Взглянув перед выходом в зеркало, мужчина слегка нахмурился, разглядывая чуть заметные на его светлой коже тени под глазами, но в целом был доволен осмотром. Детский крем для рук и щедрая порция любимого парфюма завершили утренний туалет, после чего Альберт Евгеньевич, задумавшись на минуту, положил в портфель несколько папок с документами, – после этой встречи, нужно будет заехать в офис, – взглянул ещё раз на часы и вышел из дома.

Женщина ему не понравилась. Она показалась адвокату невзрачной, хмурой и малоинтересной. Как её, Марина? Людмила? Но хотя это всегда имело для него значение, сейчас это было неважно. Он не собирался даже особенно вникать в её проблему, поскольку всё равно не смог бы помочь.

Нужно ещё раз растолковать ей, что он не занимается гражданскими делами, и в крайнем случае, дать телефон Вальтера, а затем выпроводив барышню, в полной мере насладиться кофе с великолепными французскими тостами. Есть Арнольд Евгеньевич предпочитал тоже в одиночестве.

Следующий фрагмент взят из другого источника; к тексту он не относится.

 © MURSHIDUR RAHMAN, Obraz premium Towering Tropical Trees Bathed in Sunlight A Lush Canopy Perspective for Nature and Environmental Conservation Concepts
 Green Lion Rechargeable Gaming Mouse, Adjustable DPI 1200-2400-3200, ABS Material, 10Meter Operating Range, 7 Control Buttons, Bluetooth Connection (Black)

Она сказала – Мила, ну да, её звали Мила, хотя это всё равно никак не помогло ему вспомнить женщину, равно как и того, когда и главное, зачем он вручил ей свою визитку. Но это было как раз нормально. Особенной наблюдательностью он никогда не отличался. Странно, но это обстоятельство не мешало ему ни в жизни, ни в профессии.

Как правило, Альберт Евгеньевич запоминал людей или красивых или же наоборот, отвратных. Личность, для того чтобы остаться в памяти Альберта Евгеньевича, должна была иметь яркие отличительные способности, неважно в какую сторону. Эта Мила, – до чего же иногда имя не подходит человеку, сейчас перед Спиро был как раз такой случай, ничего милого и близко не наблюдалось, – не была ни тем, ни другим. Так нечто среднестатистическое, мимо чего Альберт Евгеньевич проходил легко и свободно, не задерживаясь и не замечая.

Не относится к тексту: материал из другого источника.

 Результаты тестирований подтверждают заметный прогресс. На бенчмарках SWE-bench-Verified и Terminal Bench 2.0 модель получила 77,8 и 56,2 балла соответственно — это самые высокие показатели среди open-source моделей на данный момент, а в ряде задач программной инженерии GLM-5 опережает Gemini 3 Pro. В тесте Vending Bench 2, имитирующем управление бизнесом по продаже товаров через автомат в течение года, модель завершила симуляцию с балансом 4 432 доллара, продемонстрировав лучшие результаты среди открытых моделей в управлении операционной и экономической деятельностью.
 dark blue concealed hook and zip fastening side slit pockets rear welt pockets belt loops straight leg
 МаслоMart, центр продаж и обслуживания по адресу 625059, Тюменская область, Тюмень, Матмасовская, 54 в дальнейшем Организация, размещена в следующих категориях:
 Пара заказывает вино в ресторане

Женщина начала что-то говорить про своего неверного любовника, про какую-то Ирину, чью-то мать и Альберт Спиро только ждал любой, самой крохотной паузы, чтобы своим особенным, проникновенным голосом выразить сочувствие, объяснив в двух словах, почему он никак не может быть ей полезен и закончить встречу. И… пожалуй даже без телефона Вальтера, хотя тот и брался за самую мутную работу, которой и вчерашний выпускник юрфака побрезговал бы. Но здесь дамочка явно не в себе, несёт какую-то околесицу… Или нет? Приковала наручниками… Задушила… Что…?

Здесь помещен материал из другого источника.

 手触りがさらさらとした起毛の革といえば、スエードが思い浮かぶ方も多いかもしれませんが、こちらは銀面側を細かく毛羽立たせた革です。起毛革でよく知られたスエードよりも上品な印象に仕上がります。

Когда Мила дошла до этапа консервирования, адвокат уже забыл обо всём.

О том, что работает он в ином направлении, что собирался этим утром заняться отчётными документами в офисе, что на три часа у него назначена встреча, которую нежелательно переносить второй раз, что, в конце концов, элементарно хотел с аппетитом и знанием дела позавтракать.

Но эта на первый взгляд неприметная женщина, говорившая тихим голосом, с какой-то умиротворённой интонацией, приковала всё его внимание и заставила отмахнуться от всего остального, как от того, что вовсе не заслуживает внимания. Она сообщала безумные вещи, но подавала их так, словно рассказывала самую заурядную историю, которая произошла очень давно, и к ней имеет столько же отношения, сколько и она, скажем, к русско-турецкой войне. В какой-то момент Спиро даже испугался, что всё это окажется чистым бредом, а сама рассказчица – параноидной шизофреничкой, ведь и такое случалось в его практике.

Задавая какой-то уточняющий вопрос, он встретился с её взглядом, и внутренне содрогнулся. Нет, нет она не врёт, с такими мёртвыми глазами не сочиняют… Всё это действительно было.

Не может быть, не может быть, чтобы ему так повезло. Мысли его крутились в голове хаотично и яростно, но ни одна не задерживалась в голове долее секунды. Такое громкое дело, резонансное, как любят говорить эти чёртовы писаки, продажные и липучие, как портовые шлюхи. Как лучше поступить сейчас, что предпринять? Она совершенно потеряна, податлива, как тёплый воск, – это хорошо или плохо? Не упустить, не дать ей уйти, удержать любой ценой, вот что имеет сейчас первостепенное значение.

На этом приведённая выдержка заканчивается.